On Mon, Mar 7, 2016 at 7:59 AM, Chris Friesen 
wrote:

> Just a heads-up that the 3.10 kernel in CentOS/RHEL is *not* a stock 3.10
> kernel.  It has had many things backported from later kernels, though they
> may not have backported the specific improvements you're looking for.
>
> I think CentOS is using qemu 2.3, which is pretty new.  Not sure how new
> their libiscsi is though.
>
> Chris
>
> On 03/07/2016 12:25 AM, Preston L. Bannister wrote:
>
>> Should add that the physical host of the moment is Centos 7 with a
>> packstack
>> install of OpenStack. The instance is Ubuntu Trusty. Centos 7 has a
>> relatively
>> old 3.10 Linux kernel.
>>
>>  From the last week (or so) of digging, I found there were substantial
>> claimed
>> improvements in /both/ flash support in Linux and the block I/O path in
>> QEMU -
>> in more recent versions. How much that impacts the current measures, I do
>> not
>> (yet) know.
>>
>> Which suggests a bit of tension. Redhat folk are behind much of these
>> improvements, but RHEL (and Centos) are rather far behind. Existing RHEL
>> customers want and need careful, conservative changes. Folk deploying
>> OpenStack
>> need more aggressive release content, for which Ubuntu is currently the
>> best base.
>>
>> Will we see a "Redhat Cloud Base" as an offering with RHEL support
>> levels, and
>> more aggressive QEMU and Linux kernel inclusion?
>>
>> At least for now, building OpenStack clouds on Ubuntu might be a much
>> better bet.
>>
>>
>> Are those claimed improvements in QEMU and the Linux kernel going to make
>> a
>> difference in my measured result? I do not know. Still reading, building
>> tests,
>> and collecting measures...
>>
>>
>>
>>
>> On Thu, Mar 3, 2016 at 11:28 AM, Chris Friesen <
>> chris.frie...@windriver.com
>> > wrote:
>>
>> On 03/03/2016 01:13 PM, Preston L. Bannister wrote:
>>
>>  > Scanning the same volume from within the instance still
>> gets the same
>>  > ~450MB/s that I saw before.
>>
>>  Hmmm, with iSCSI inbetween that could be the TCP memcpy
>> limitation.
>>
>>
>> Measuring iSCSI in isolation is next on my list. Both on the
>> physical
>> host, and
>> in the instance. (Now to find that link to the iSCSI test,
>> again...)
>>
>>
>> Based on earlier comments it appears that you're using the qemu
>> built-in
>> iSCSI initiator.
>>
>> Assuming that's the case, maybe it would make sense to do a test run
>> with
>> the in-kernel iSCSI code and take qemu out of the picture?
>>
>> Chris
>>
>>
>>
>> __
>> OpenStack Development Mailing List (not for usage questions)
>> Unsubscribe:
>> openstack-dev-requ...@lists.openstack.org?subject:unsubscribe
>> > >
>> http://lists.openstack.org/cgi-bin/mailman/listinfo/openstack-dev
>>
>>
>>
>>
>> __
>> OpenStack Development Mailing List (not for usage questions)
>> Unsubscribe:
>> openstack-dev-requ...@lists.openstack.org?subject:unsubscribe
>> http://lists.openstack.org/cgi-bin/mailman/listinfo/openstack-dev
>>
>>
>
> __
> OpenStack Development Mailing List (not for usage questions)
> Unsubscribe: openstack-dev-requ...@lists.openstack.org?subject:unsubscribe
> http://lists.openstack.org/cgi-bin/mailman/listinfo/openstack-dev
>
__
OpenStack Development Mailing List (not for usage questions)
Unsubscribe: openstack-dev-requ...@lists.openstack.org?subject:unsubscribe
http://lists.openstack.org/cgi-bin/mailman/listinfo/openstack-dev


Re: [openstack-dev] [nova][cinder] Limits on volume read throughput?

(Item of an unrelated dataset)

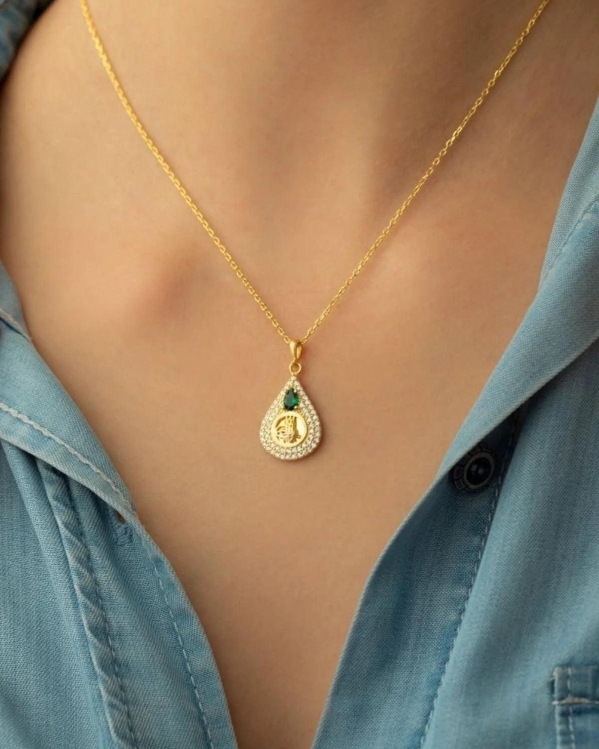 Zarif damla formunda tasarlanmış, zirkon taşlarla çevrelenmiş ve Osmanlı tuğrası ile süslenmiş 925 ayar gümüş kolye.
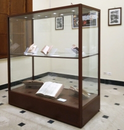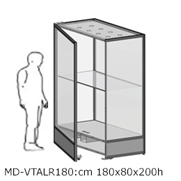Vetrina espositiva ad ISOLA della linea Argurion a base rettangolare con struttura in alluminio e lastre in vetro antinfortunio stratificato. Anta apribile con serratura ad incasso. Controllo passivo dell'umidità (silica gel granulare).

2016-03-07 Thread Chris Friesen
Just a heads-up that the 3.10 kernel in CentOS/RHEL is *not* a stock 3.10 
kernel.  It has had many things backported from later kernels, though they may 
not have backported the specific improvements you're looking for.


I think CentOS is using qemu 2.3, which is pretty new.  Not sure how new their 
libiscsi is though.


Chris

On 03/07/2016 12:25 AM, Preston L. Bannister wrote:

Should add that the physical host of the moment is Centos 7 with a packstack
install of OpenStack. The instance is Ubuntu Trusty. Centos 7 has a relatively
old 3.10 Linux kernel.

 From the last week (or so) of digging, I found there were substantial claimed
improvements in /both/ flash support in Linux and the block I/O path in QEMU -
in more recent versions. How much that impacts the current measures, I do not
(yet) know.

Which suggests a bit of tension. Redhat folk are behind much of these
improvements, but RHEL (and Centos) are rather far behind. Existing RHEL
customers want and need careful, conservative changes. Folk deploying OpenStack
need more aggressive release content, for which Ubuntu is currently the best 
base.

Will we see a "Redhat Cloud Base" as an offering with RHEL support levels, and
more aggressive QEMU and Linux kernel inclusion?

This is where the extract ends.